二人は始発電車に乗った。もう日の出を迎えているような時間だった。
「凛空はさ、すごいよね」
「え?」
夏向が話し始めたと思ったら、凛空にとってよくわからないことを言い始めた。
「いや、覚醒してすぐに術式が使えてて、すごいなーって」
「え、あ、その……見てたの?」
「うん。あれ、気付いてなかった?」
「いや、気付いてはいたけど……」
二人が話しているのは、最初に凛空が術式を使ったあの時のことだ。悠香が多分先輩だよとは言ってたものの、凛空は本当にそれが当たっていたとは思っていなかった。
「それに、呪人を躊躇なく、簡単に片付けるのも」
「あぁ……それは、命令だから……かな。命令とか、背けないタイプだから……それに……」
「それに?」
「自分の命を守れるなら、それでいいかなって。自己中かもしれないけど」
「ほぉ……やっぱすごい」
「はは……」
凛空は褒められたりするのには慣れていない。そのせいか、苦笑いをすることしかできていなかった。
「俺は、最初は戸惑ったし、正気かと思った。でも、悠莉に怒られちゃってね……」
「そうなんだ」
「うん……」
凛空も最初はそう思ったけど、快音に言われたことで、考えが変わった。
誰かの命を奪うかもしれないということ、それを止められるのは自分だけだということ。そういうので、そう指示があればやろうという気になった。

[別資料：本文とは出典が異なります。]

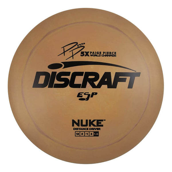 The Paige Pierce 5x ESP Nuke is a high-speed distance driver designed for maximum distance with minimal effort. Its wide rim and refined aerodynamics provide exceptional velocity, while the -1 turn and 3 fade offer a reliable flight path for powerful throws. Crafted in Discraft's ESP plastic, it delivers a perfect blend of grip and durability, while featuring vibrant swirl patterns. This signature edition celebrates Paige Pierce's five world championships, embodying her elite performance and influence in the sport.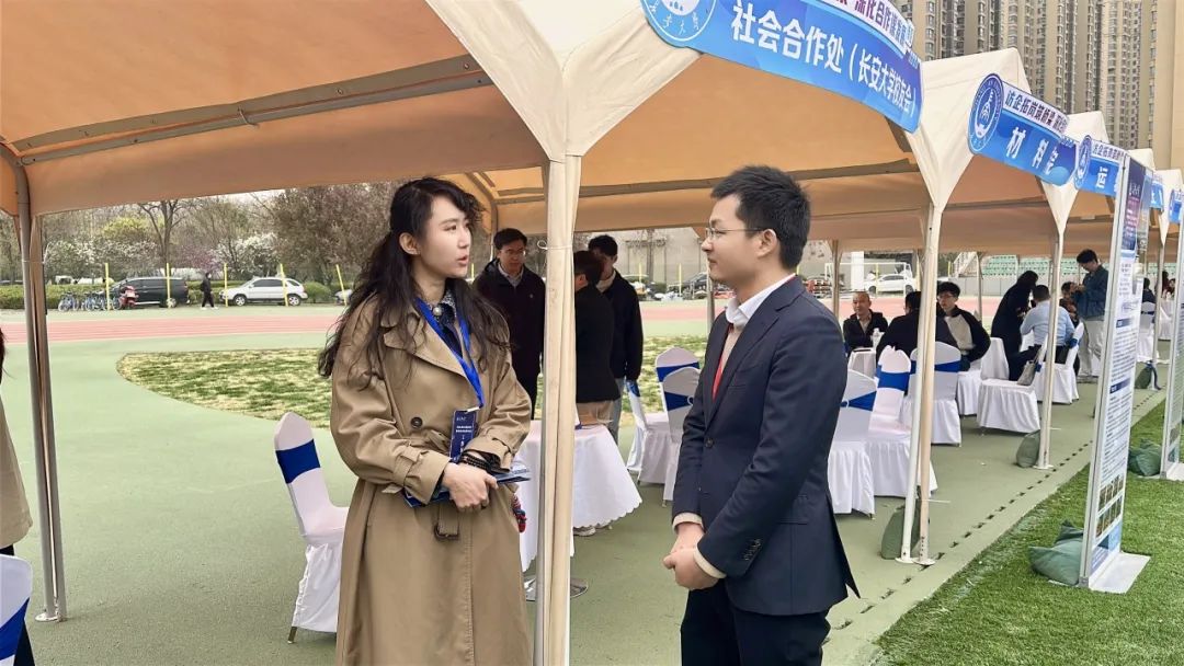 长安大学毕业生春季就业双向选择洽谈会(以下简称“双选会”)于2025年3月27日在北校区朝晖体育场举办,共550余家就业单位参会。为加强与各用人单位交流合作,进一步建立用人单位与毕业生的有效对接,澳门新葡京平台 党委书记贾侃、副书记王妍婷及毕业班辅导员老师参加本次双选会,积极开展访企拓岗工作。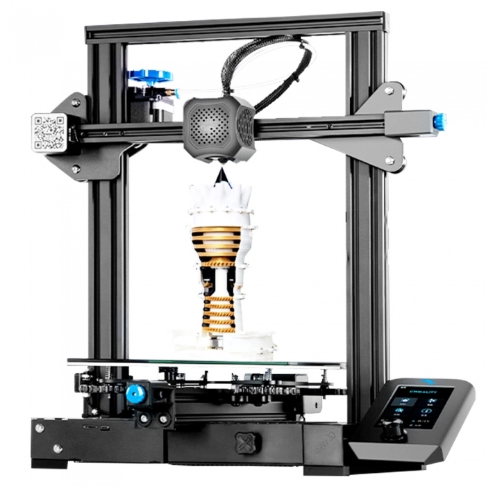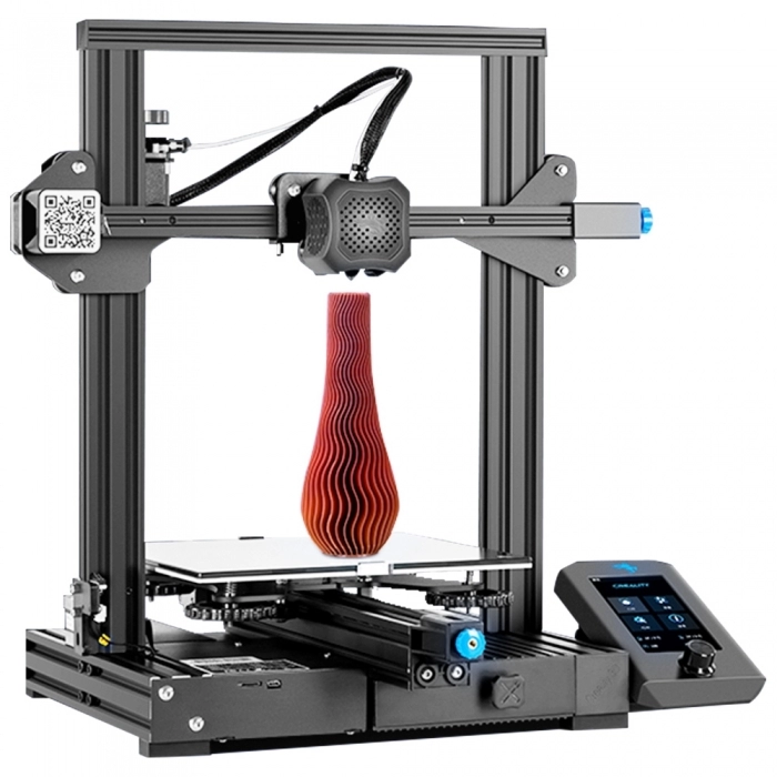 Ten model drukarki stanowi optymalną propozycję dla początkujących adeptów druku 3D, których w miarę rozwoju technologii FFF/FDM jest coraz więcej. Drukarka 3D Creality Ender-3 dostarczana jest w postaci zestawu do samodzielnego montażu – na przygotowanie urządzenia do pracy wystarczy zaledwie kilkanaście minut. Pole robocze ma wymiary 220 x 220 x 250 mm, a platforma podgrzewana jest do temp. maksymalnie 110 oC w ciągu 5 min. Wariant podstawowy, czyli drukarka Ender 3, przeznaczony jest do pracy z filamentami PLA, a także TPU, gradientowymi oraz wzbogaconymi o włókno węglowe. W zależności od wybranego modelu, użytkownik otrzymuje drukarkę 3D Creality Ender-3 wraz z pojedynczą dyszą o średnicy 0,4 mm lub z całym zestawem, zawierającym dodatkowe dwie dysze o średnicach 0,2 mm i 0,3 mm, przeznaczone do drukowania mniejszych detali. Maksymalna prędkość druku sięga od 100 mm/s (w modelu Creality Ender-3 V2) do 180 mm/s (w modelach Ender-3 oraz Ender-3 Pro). Do sterowania drukarką służą wyświetlacze LCD, przy czym drukarka 3D Creality Ender-3 V2 wyposażona została w kolorowy, 4,3- calowy wyświetlacz graficzny.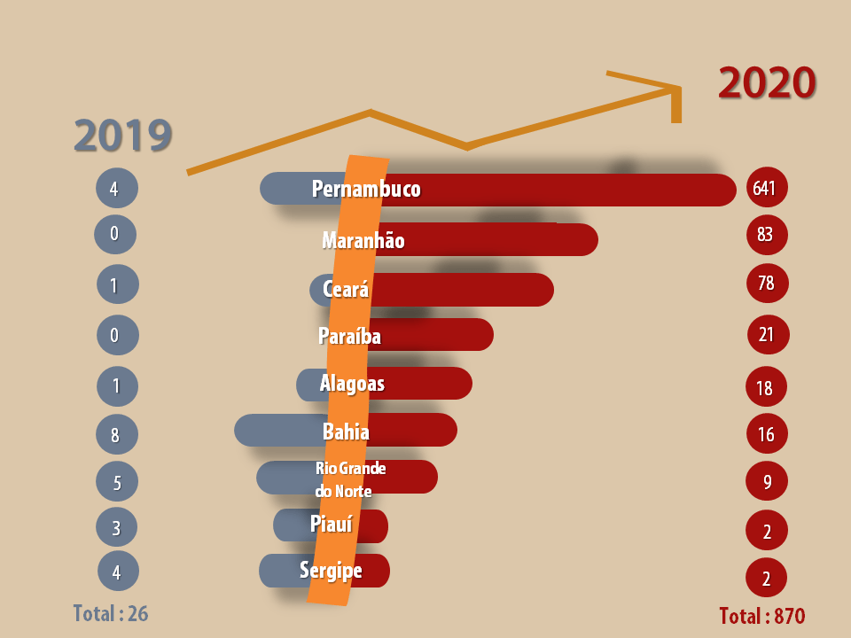 Em relação aos óbitos, com base nos dados do Registro Civil, o número de mortes por Síndrome Respiratória Aguda Grave (SRAG) no Nordeste aumentou em mais de 32 vezes em abril deste ano comparativamente ao mesmo mês de 2019. Para o Brasil, no mesmo período o aumento foi de 15 vezes. De acordo com esses dados (ver Figura 1), em abril deste ano os cartórios registraram 870 óbitos por SRAG na região Nordeste, contra apenas 26 no mesmo mês de 2019. No mesmo período, contabilizava-se 989 mortes com suspeita ou confirmadas pela Covid-19. Entre os estados com maior crescimento no número de mortes por SRAG, Pernambuco foi o que registrou mais casos de mortes por Covid-19 no Nordeste. Apresentou uma variação de cerca de 159 vezes no número de óbitos em abril comparativamente o mesmo mês do ano anterior. O segundo estado mais afetado foi o Maranhão com 83 vezes mais mortes por SRAG na comparação do mesmo período.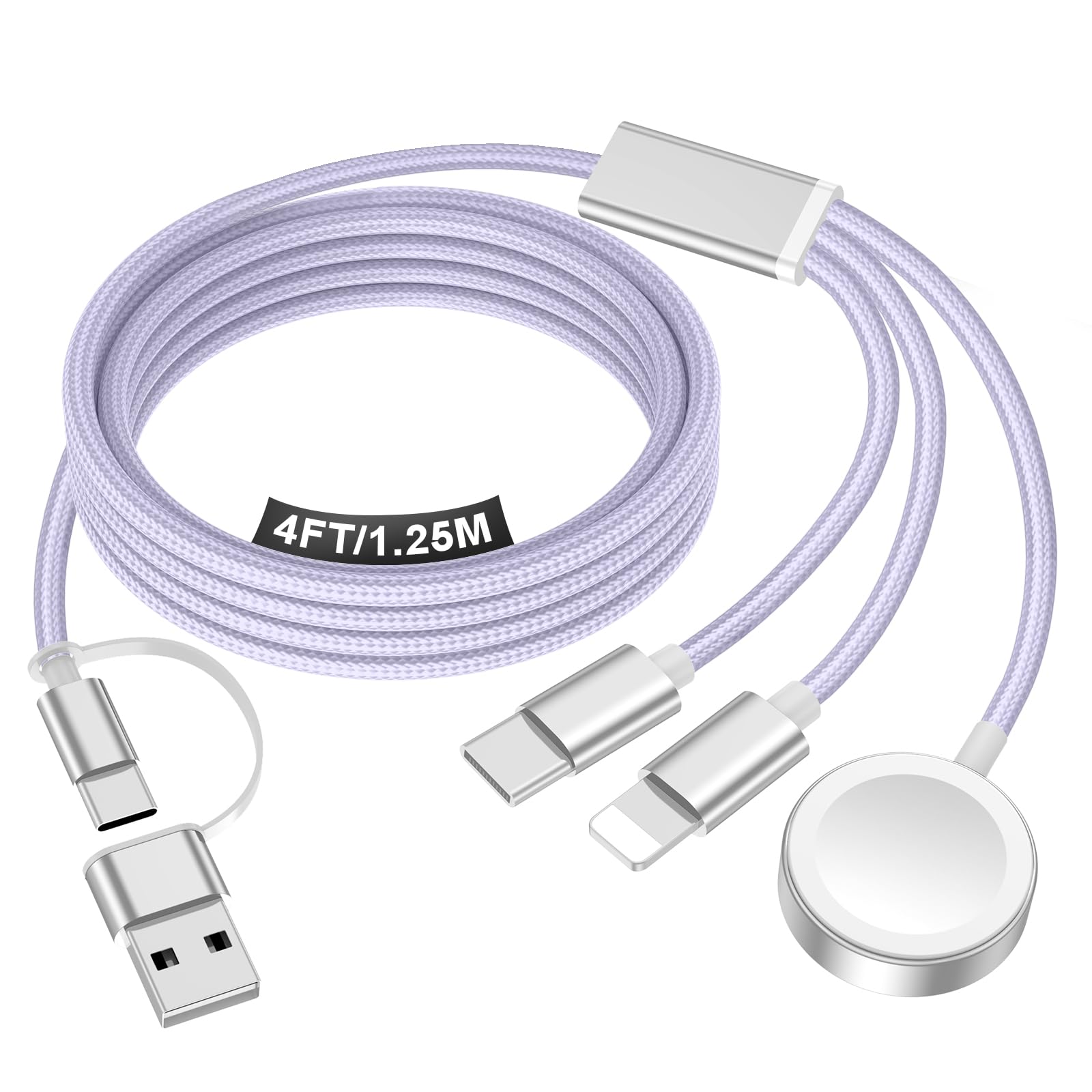【Advanced Safe & Rapid Charging】Experience enhanced safety and speed,delivering efficient power to your devices.This certified multi charger cable supports USB Type C cable fast charging and USB lightning cable compatibility, delivering rapid power to iPhone cable, USB C cable pack, and for Apple Watch.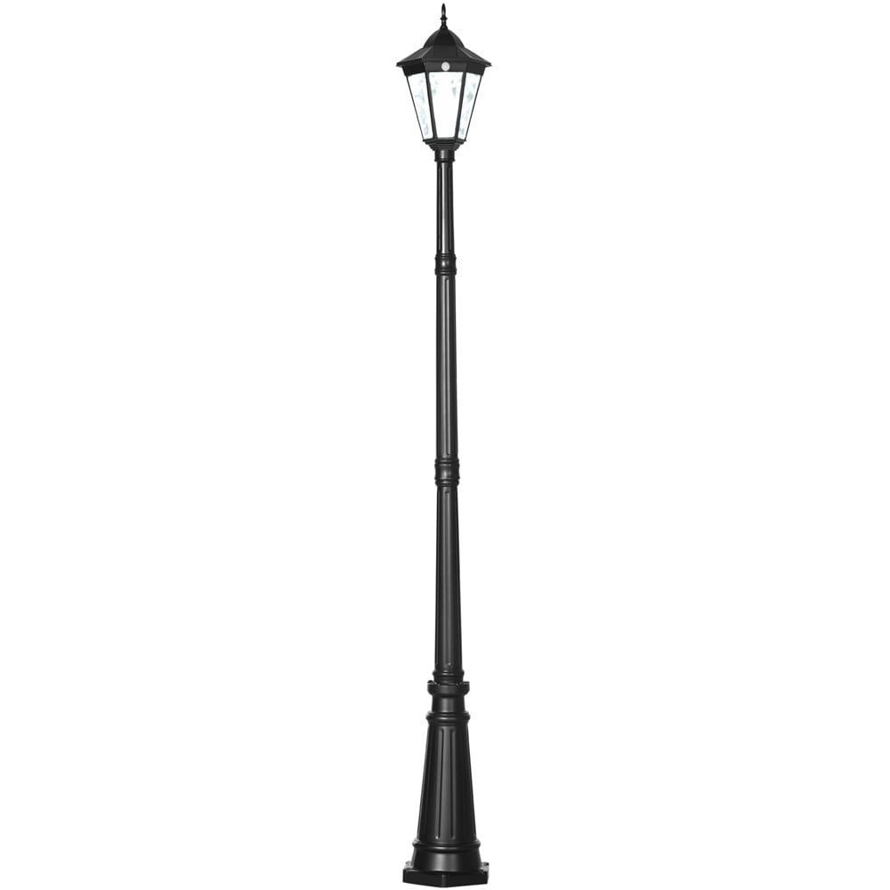 Go for the perfect blend of antique style and modern technology with the Outsunny LED Solar Lamp Post Light with PIR Motion Sensor. This lamp post charges in just six to eight hours of sunlight and provides four hours of bright LED light, creating a safe and well-lit atmosphere at night. The best part? It doesn't consume any electricity, saving you money. Made from sturdy aluminium and rated IP44 for outdoor use, this lamp post is built to last. Plus, it comes with an automatic sensor that turns the light on at dusk and off at dawn, making it incredibly easy to operate. Illuminate your garden with this reliable and eco-friendly solar lamp post.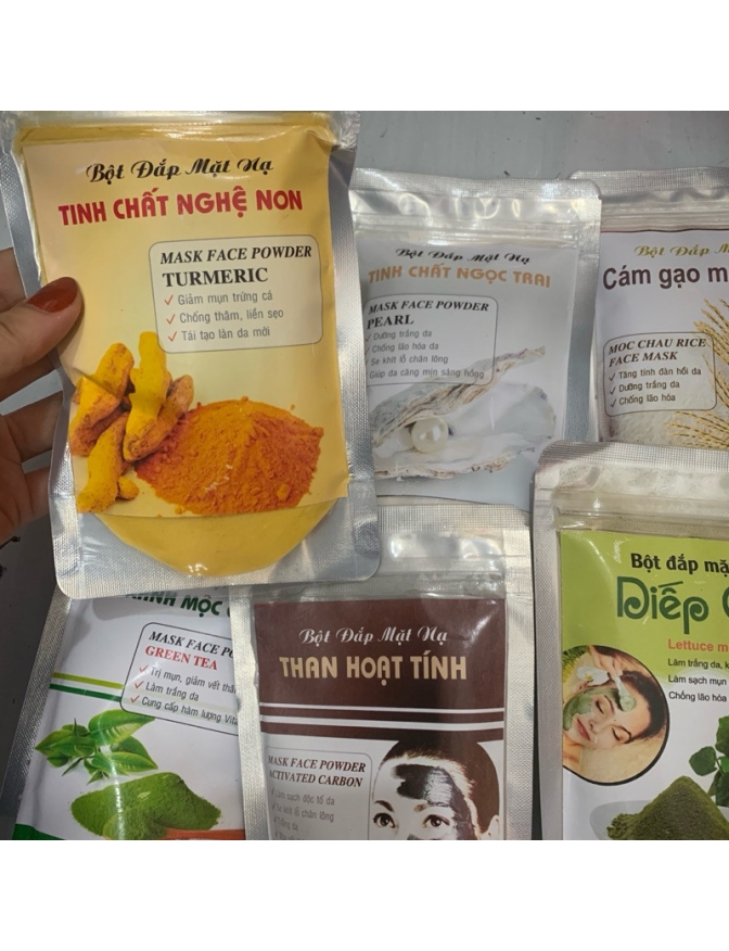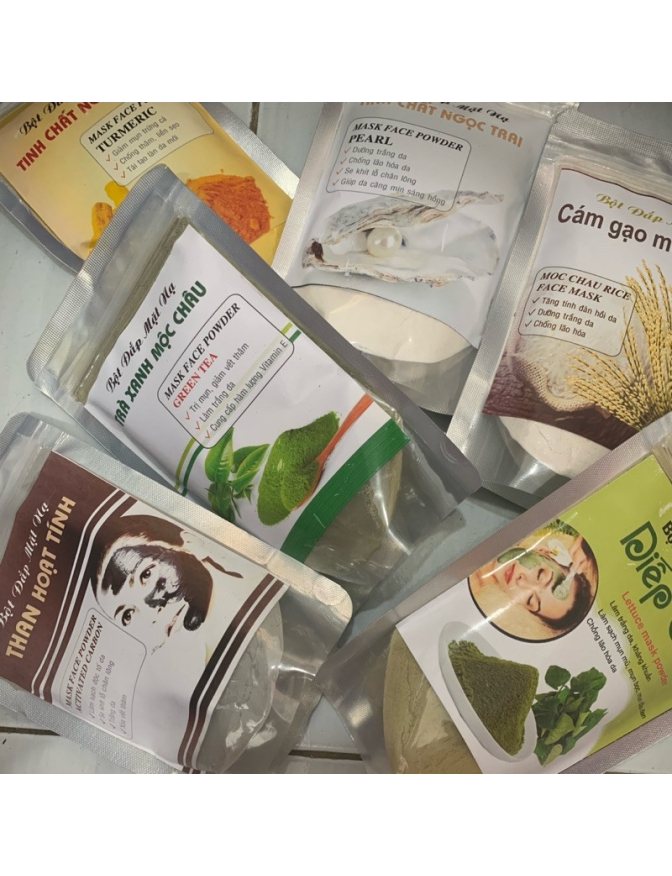 Bột đắp mặt thảo dược ngừa nám da, làm sáng da, sạch mụn, mịn da, se khít lỗ chân lông . - Làm lưu thông khí huyết trên vùng cơ, da mặt, tác dụng sâu vào các điểm đồng ứng và khu phản xạ trên khuôn mặt theo y học cổ truyền. Công Dụng : – khi sử dụng chung với thuốc giúp quá trình tái tạo nhanh đồng thời – Đẩy sạch bụi bẩn dưới da giúp ngăn ngừa mụn . – Giúp thúc đẩy quá trình hấp thụ Thuốc trong khi đang tái tạo vượt trội nhanh chóng . – Loại bỏ tế bào chết , tẩy trang . – Se khít lỗ chân lông , giảm nhờn . – Dùng thay thế cho sửa rữa mặt hằng ngày

でも確かに、凛空は命令に背けない性格だと自分で思っている。
「悠莉も、桜愛も、経験があった。俺はなかった。だから、できなくてもしょうがないと思ってた。でも凛空は、経験がなくても、一生懸命やろうとする。ほんとにすごいよ」
やはり凛空は苦笑いしかできなかった。
また、凛空は夏向の言葉に影があるように感じていた。
そして二人は魔術学園に戻ってきた。
魔術学園では、任務の次の日は午前中休みというのができる。
凛空はそれを活用し、帰ってベッドに倒れこんだあと、そのまま数時間寝た。
午後の授業が終わり、夕方。悠香はさっそく任務に出かけて行った。
悠香は一人で任務に出かけて行った。
凛空は、やっぱり悠香は自分とは全然違うということを、改めて少し感じた。
そして教室には、凛空と快音がいた。
「上手くやったみたいだね、昨日」
「あぁ……まあ……実際には今日だけど……」
「そうだったな」
快音は凛空と夏向の任務のことを知っていた。担当なら当たり前のことだが。
「あの……」
「何?」
「夏向って、昔何があったの……?」
「何かあったの?」
「なんか、『父さんを呪ったのはお前か』とか言ってた。でも、よくわかんなくて」
「そっかー」
快音は何かを知っている顔をした。
「夏向の両親は、呪人になった。それを、俺と悠莉で倒した。それから、両親を呪人にした怪物を探してた。それを見つけたんじゃないか? まあ、俺は表面的な事実しか知らないけど」
「そうなんだ……」
「夏向が明るいのは空元気。本当は無口で感情もないような子だった。夏向なりに、色んな想いがあったんじゃないかな」
快音は凛空にそう説明した。
夏向は俺とは違うけど、したいことは同じだったのかもな……と凛空は勝手に親近感を感じた。
「あ、今言ったこと、誰にも言うなよ? 俺から聞いたってことも」
快音はそう言い残し、教室を出て行った。
「わ、わかった……」
凛空の返事も待たずに。
凛空に拒否権はないようだった。拒否するつもりはないが。